– Батюшка! – обратился он к отцу Георгию. – Позвольте вас спросить: будет завтра проповедь у вас или нет? А то мамаша наша сильно охотилась послушать вашего слова… А она старая, только до своей церкви добирается. А сюда бы мы ее ночкой предоставили потихоньку…
– А вы откуда?
– С Подпешенского хутора мы. Двадцать верст отсюда. Отца Николая мы прихожане…
– Буду, буду говорить. Приезжайте!..
Церковь была небольшая, и не все желающие послушать батюшку помещались в ней. Отец Георгий начал устраивать вечерами у себя в доме беседы. Приходило на беседы много народа. Все заметно старались не шуметь и вести себя как можно приличнее. Словно все понимали, что батюшка этими беседами делает для них слишком многое. Они совестились немного, проникались глубокой благодарностью, и было ясно, что, скажи батюшка слово, и все пойдут, куда он хочет, и сделают, что он пожелает.
После беседы отец Георгий сильно утомлялся. Матушка замечала это и просила отца Георгия давать себе небольшой отдых. Батюшка ласково улыбался и обычно отвечал:
– Знаю, что много работать приходится. Да нужно работать, нужно говорить… Все надо рассказать. Они ведь ничего не знают, а кто расскажет им?..
Кончалось лето. На хуторе уже сходили «на воду» и набрали из-под креста святой воды, освятили яблоки на Преображенье, разговелись на день Успенья. В воздухе пахло холодком, листья без причины осыпались на землю, по утрам вода в хуторской речке была холодная и темноватая, словно с тонами недалекой осени. Дали были широкие, просторные, как весной. На хуторе уродилось много плодов: их собирали на садах в золотистые ручьи и потом отвозили на станцию. На гумнах слышались удары цепов и пахло свежей соломой…
В один из влажных августовских вечеров отец Георгий гулял с матушкой около своего дома. В последнее время им редко приходилось оставаться одним: очень часто бывал «профессор», заходил Измаил, решившийся принять христианство, являлись по различным делам крестьяне. И все нужно было говорить, говорить, говорить от утра до вечера, и часто в голове мелькала какая-нибудь новая мысль, и отец Георгий не успевал делиться ею с женой… Так и теперь у отца Георгия была какая-то новая мысль. Он ходил задумчивый, и матушка видела, что у него есть на душе что-то особенное. Но она не спрашивала его, потому что знала, что он ничего не скрывает от нее.

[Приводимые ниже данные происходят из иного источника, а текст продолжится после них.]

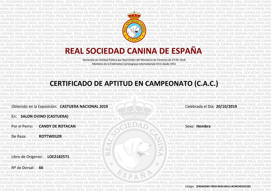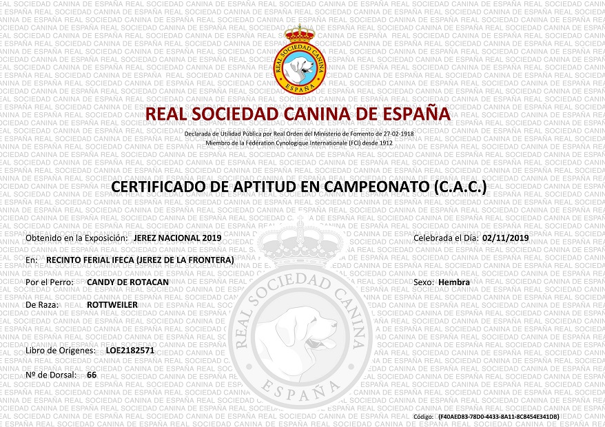 | 20/10/2019 | Nacional | Castuera | Abierta (A) | Viva Maria Soleckyj | Exc 1 CAC |

И, действительно, когда они сели отдохнуть на скамейке, около ворот, отец Георгий сказал:
– Нина!
– Что? – отозвалась матушка.
– Знаешь, что прекрасное – коротко?.. Знаешь, что свеча, если огонь на ней велик, горит скоро?
– Знаю.
– И понимаешь, к чему я говорю?.. Нужно быть готовым ко всему, Ниночка!
– Мы уже говорили с тобой об этом. Изменять не нужно!

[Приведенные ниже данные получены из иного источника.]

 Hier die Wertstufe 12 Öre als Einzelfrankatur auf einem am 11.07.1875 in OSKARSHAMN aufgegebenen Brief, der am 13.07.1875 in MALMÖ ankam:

– Спасибо, милая… Эх, Нина, Нина, цены ты себе не знаешь!..
И неведомая нежность объяла обоих. Словно проснулась далекая молодая любовь, которая была там, вдали, на золотистых песчаных горах, летними тихими вечерами. И потянуло к той далекой поре. Матушка вспоминала Липиги, старую мельницу, брата, сестру, белый монастырь на горах… Счастливая пора! Пора молодости, первых порывов, вдохновения… Теперь идет сама жизнь – суровая, великая. Они уже не новички в ней. Они уже горят. И знают они, что всякому горенью бывает конец: чем больше огонь, тем скорее конец… Ну что же: они не свернут с дороги!..
Отец Георгий никогда не требовал платы за требы. И крестьяне сами совестились давать что-нибудь в руки самого батюшки. В их глазах батюшка был выше этой платы. За него, если бы это было нужно, они отдали бы свою жизнь… Но они платили своему батюшке, платили хлебом, овощами, холстиной, принося все это на батюшкин двор. Обычно выходила к ним матушка и конфузилась:
– Милые! Зачем так много!..
– Сама ты у нас милая, матушка! Сделай милость, прими за его и свои труды!..

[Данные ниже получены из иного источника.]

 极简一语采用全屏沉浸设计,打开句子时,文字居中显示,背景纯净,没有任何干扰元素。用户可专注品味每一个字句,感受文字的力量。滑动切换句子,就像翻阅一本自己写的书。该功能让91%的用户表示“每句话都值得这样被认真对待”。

Крестьяне не придерживались старого порядка «давать» за каждую требу. Требы шли сами собой, плата – сама собой. И в глазах крестьян таинства, молебны, панихиды не оскорблялись соединением с ними известной платы…
– Виноградцу-то в этом году не уродил Господь. Пожалуй, больше двух пудов не соберешь. Тогда надо полпудика хорошенького отобрать батюшке с матушкой! – говорил в конце лета обладатель единственного на хуторе маленького виноградного сада Денис Курин…
– Старуха! Порешил я царьградские теренинки батюшке оставить. Нонче они очень хороши, – заявлял своей жене садовод Никита Пьянов.
– Да холстинки надо им сготовить почище, – прибавляла старуха.
Однажды на сходе несколькими человеками был поднят вопрос:
– Братцы! Нашему батюшке следовало бы садик устроить. Чтобы летом отдыхать. Флигелек там ему поставить. А то в доме летом душно… Право, братцы, следовает…
И все, как один человек, согласились устроить «обществом» батюшке сад и флигель.
Деньги совестились отдавать прямо в руки батюшке и матушке, а отдавали в правление казначею, под расписку, и тот уже передавал батюшке. Батюшка был святой, душевный человек, и его берегли, и пользовались им только «для души».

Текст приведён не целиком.